Her Mentor Center: Caregiving and Marital Stress
Relationships: Caring for a Sick Parent, your Marriage and Yourself
The challenging tasks of caring for a sick parent can add stress to your relationship. There are no easy answers because what your marriage needs most – time together – is probably in very short supply. Traditionally, when women were homemakers, the caretaking job naturally fell to them. With so many women in the workforce today, there just aren’t enough loving arms to go around. What follows are some tips to help bring more balance to your hectic life:
1. Keep the communications with your partner wide open.
As you take on more responsibility for your parent, gather information from the Internet and community resources – and have a very honest conversation with your partner about the options. Discuss how you both feel about what’s going on and make a commitment to working out the problems together.
2. If you make the decision to have your ailing parent move in, talk with your partner.
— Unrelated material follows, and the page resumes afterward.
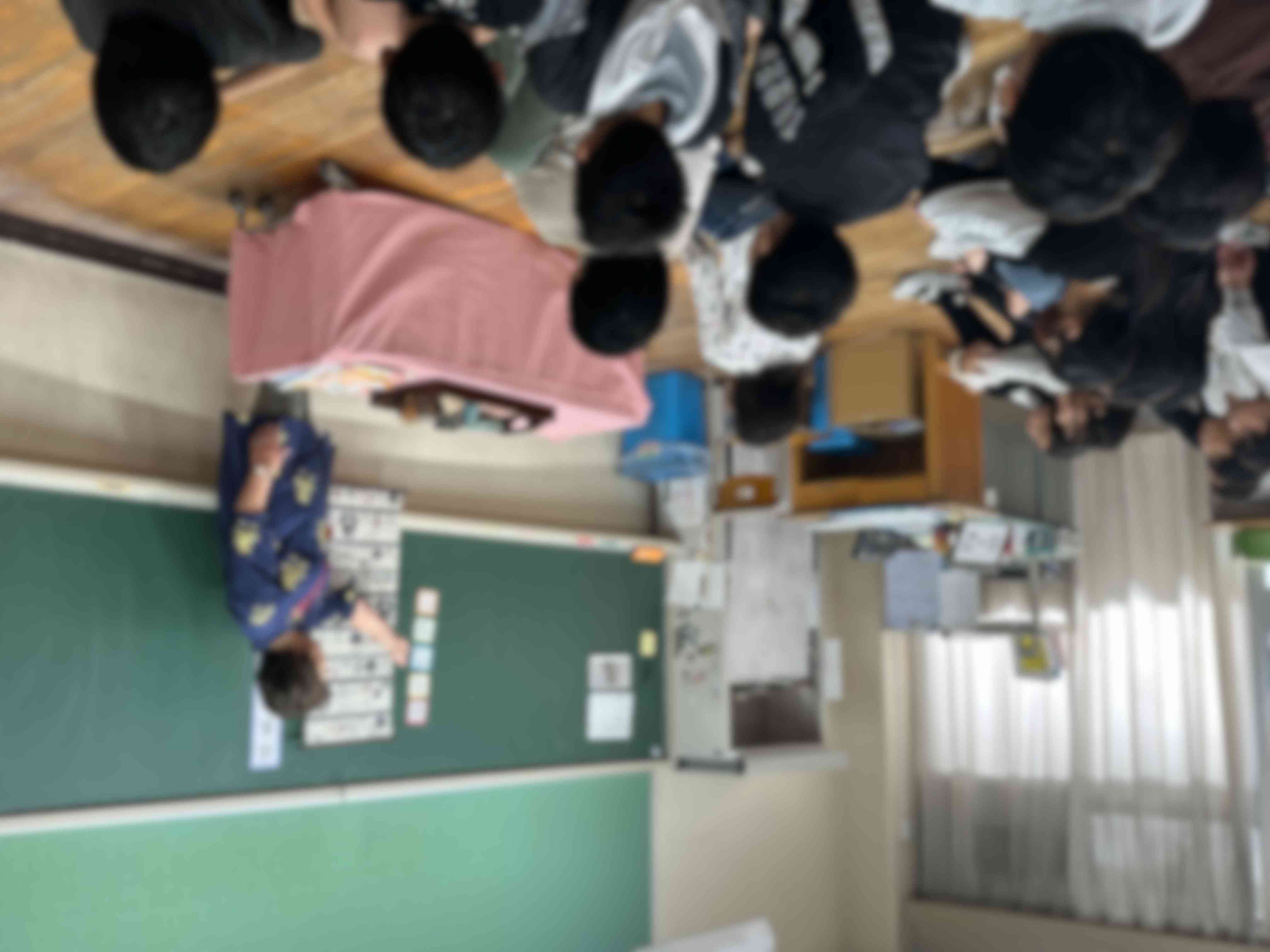 朝読書の時間に全クラスで読み聞かせをしてもらう時間があります。 6年生はこの時間を使って、図書の遠藤先生から、日本の四季と「おもてなし」についてお話していただきました。 四季がある日本は、季節によって器を使い分けることや、茶道の世界に生きる「おもてなし」の精神を大切にしていることなど、実物を見せながらの説明に真剣に耳を傾けていました。

Communicate about the division of labor, the concrete plans, and expectations — as well as the potential consequences. Of course, the needs and desires of your mom or dad must also be considered. Seeing a therapist or a gerontologist together will ensure that every member of the family has a platform and is heard.
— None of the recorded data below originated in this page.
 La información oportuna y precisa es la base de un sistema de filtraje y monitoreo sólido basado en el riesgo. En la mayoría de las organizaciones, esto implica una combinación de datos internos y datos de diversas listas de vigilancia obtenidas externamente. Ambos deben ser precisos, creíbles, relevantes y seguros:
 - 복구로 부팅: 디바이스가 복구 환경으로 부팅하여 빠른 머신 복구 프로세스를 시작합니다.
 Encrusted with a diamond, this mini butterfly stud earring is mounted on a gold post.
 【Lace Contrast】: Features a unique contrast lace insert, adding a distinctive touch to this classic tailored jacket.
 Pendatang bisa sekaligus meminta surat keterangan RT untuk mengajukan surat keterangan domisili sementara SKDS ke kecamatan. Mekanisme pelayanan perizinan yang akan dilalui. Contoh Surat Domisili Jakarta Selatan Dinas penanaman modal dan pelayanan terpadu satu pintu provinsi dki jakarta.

3. It is important to engage the help of siblings on a regular basis.
Decide whom you will enlist and what you will ask of them — staying overnight so you and your partner can have time together or driving your mom to her doctors’ appointments so you won’t have to take time off work. Ongoing support from your children will make it easier on you and teach them some life lessons.
4. Be aware of your own vulnerability to the emotional fallout.
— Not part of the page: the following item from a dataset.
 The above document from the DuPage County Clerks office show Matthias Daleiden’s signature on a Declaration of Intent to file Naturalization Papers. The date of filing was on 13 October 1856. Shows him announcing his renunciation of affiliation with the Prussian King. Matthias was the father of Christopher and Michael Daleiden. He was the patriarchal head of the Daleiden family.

Realistically evaluate what you can do, especially if the situation is long term. Whether you’re angry, frustrated or sad, let go of your negative feelings. Guilt is the most prevalent emotion of caregivers who worry that they should be doing more. Be aware that you’re only human and you are doing your best.
5. Remember to conserve your inner resources.
Solitude itself provides a chance to emotionally reconnect with your own needs. Honor yourself by setting limits and developing strategies to manage the stress. Give yourself the gift of a massage or lunch with a friend. Rejuvenate your spirits – soak in a hot tub, curl up with a good book, watch a beautiful sunrise.
6. Spending time with your partner is an emotional investment that will pay dividends to your marriage.
If there isn’t time for a weekly date night, take a short walk in the neighborhood and catch up with each other a couple of times a week. Allow yourself the rare gift of laughter — watch the comedy channel or find humor in the daily antics of family life. Be playful and reignite romance by sharing a candlelight dinner or gazing at a star-filled sky. Time limited activities like these can increase intimacy and brighten your general outlook.
Be sure to pause and take in the love and gratitude of your ill parent. And give yourself credit for all that you do. Keeping all the balls in the air is difficult, but your well being is paramount if your marriage is going to not only survive but thrive.